Exsolution has emerged
as an outstanding route for producing
oxide-supported
metal nanoparticles. For ABO3-perovskite
oxides, various late transition-metal cations can be substituted into
the lattice under oxidizing conditions and exsolved as metal nanoparticles
after reduction. A consistent and comprehensive description of the
point-defect thermodynamics and kinetics of this phenomenon is lacking,
however. Herein, supported by hybrid density-functional-theory calculations,
we propose a single model that explains diverse experimental observations,
such as why substituent transition-metal cations (but not host cations)

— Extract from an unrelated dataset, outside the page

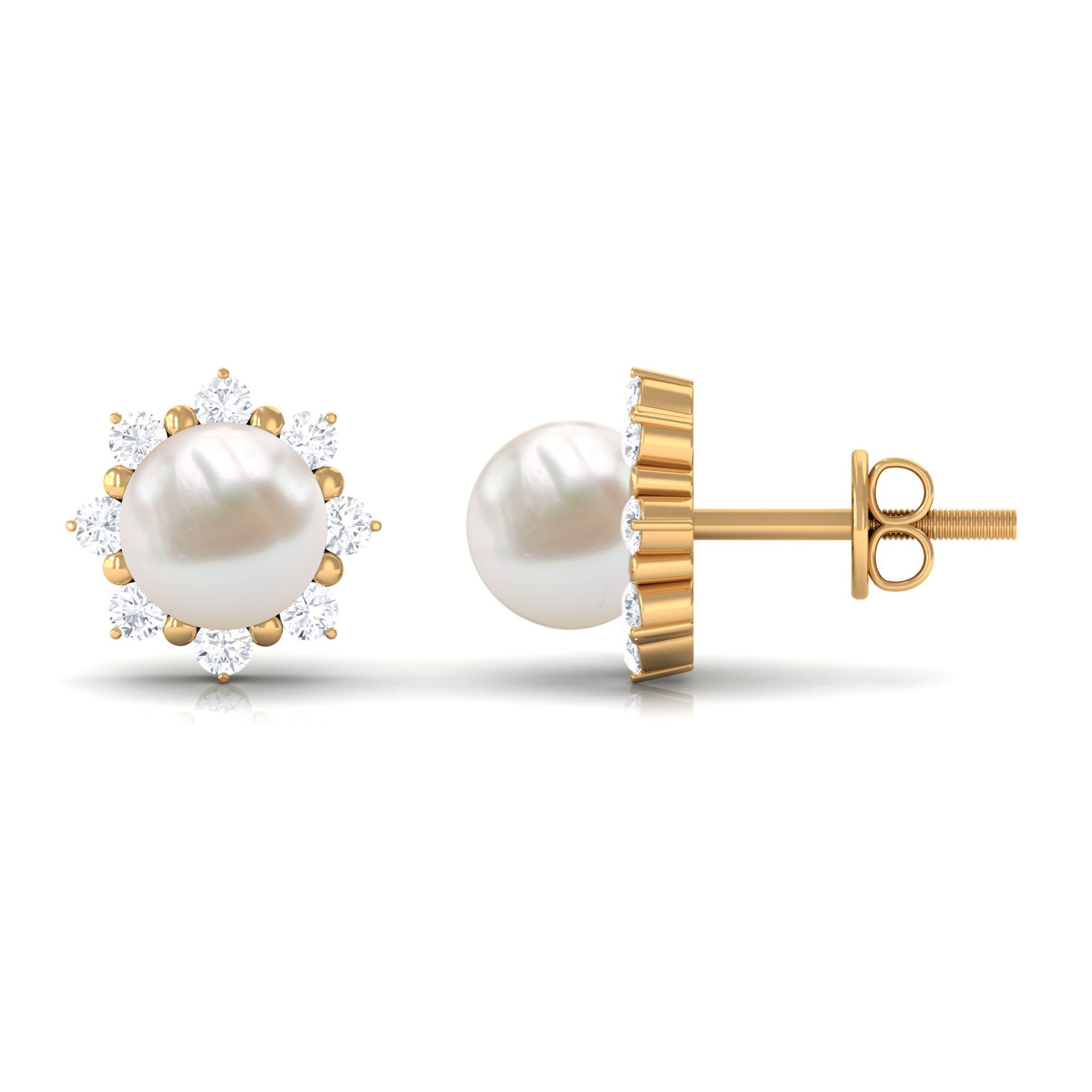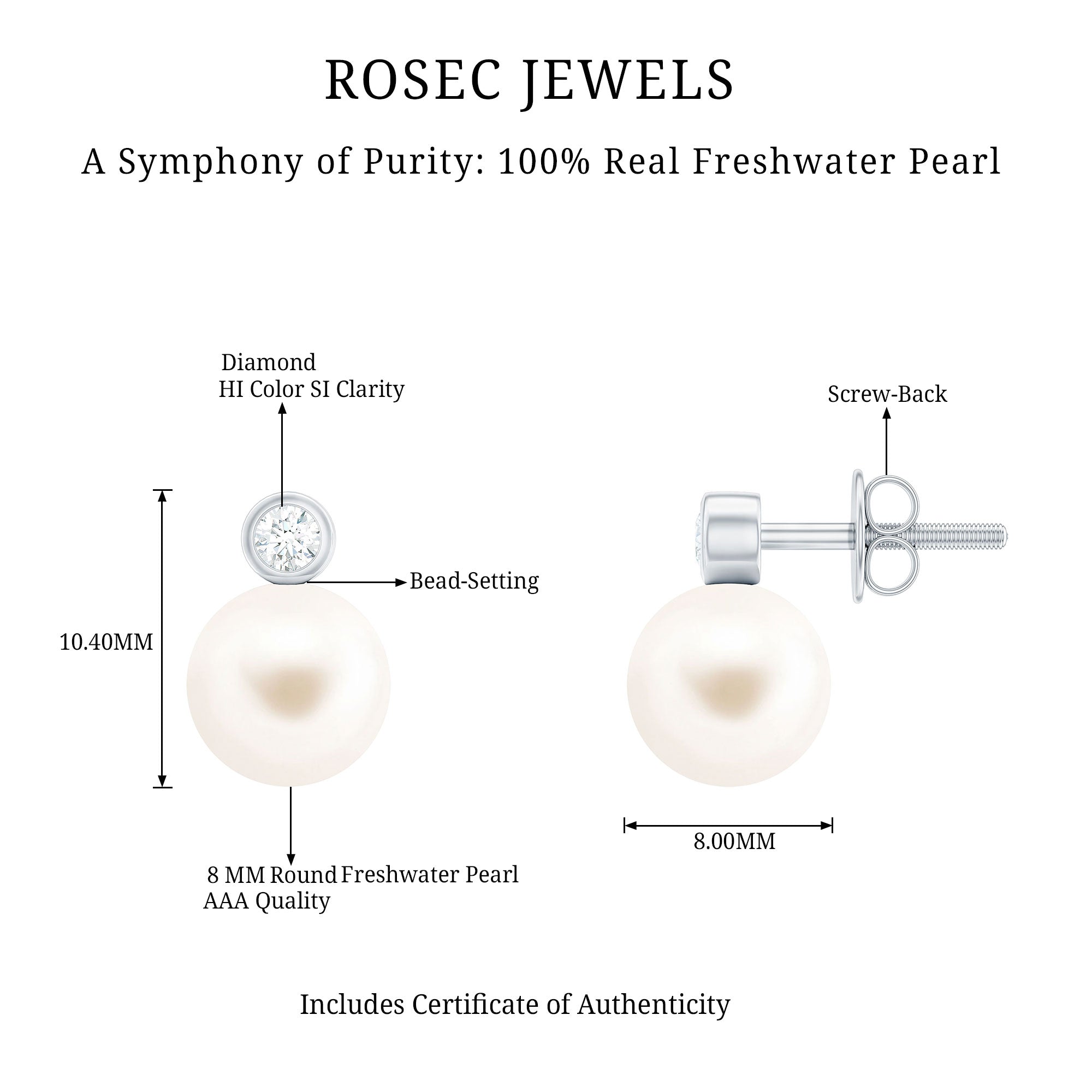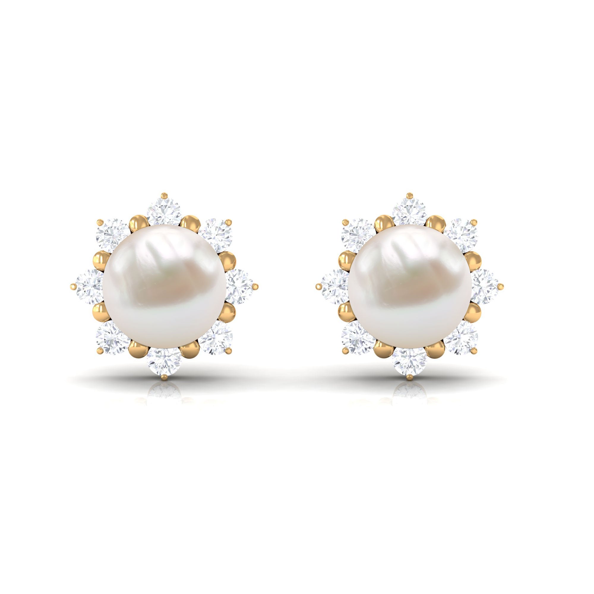 Freshwater Pearl Stud Earrings: - This classic and elegant pearl earrings remains highly popular, featuring a round pearl set in a bead setting, secured by screw back or push back to ensure its safety. These stud earrings secured by post back, complements the beauty of sophisticated pearl and also ensures its longevity. Each pair of earrings stands out for its versatility and classic look. Available in a variety of designs like simple solitaire, breathtaking infinity, shimmery halo, floral studs, and so on. The freshwater pearl studs sit elegantly on the earlobe and uplift like no one else. These can be suitable for daily wear and also worn on special, a pearl stud adds a touch of sophistication.

exsolve from perovskite oxides upon reduction; why different substituent
transition-metal cations exsolve under different conditions; why the
metal nanoparticles are embedded in the surface; why exsolution occurs
surprisingly rapidly at relatively low temperatures; and why the reincorporation
of exsolved species involves far longer times and much higher temperatures.
Our model’s foundation is that the substituent transition-metal
cations are reduced to neutral species within the
perovskite lattice as the Fermi level is shifted upward within the
bandgap upon sample reduction. The calculations also indicate unconventional
influences of oxygen vacancies and A-site vacancies.
Our model thus provides a fundamental basis for improving existing,
and creating new, exsolution-generated catalysts.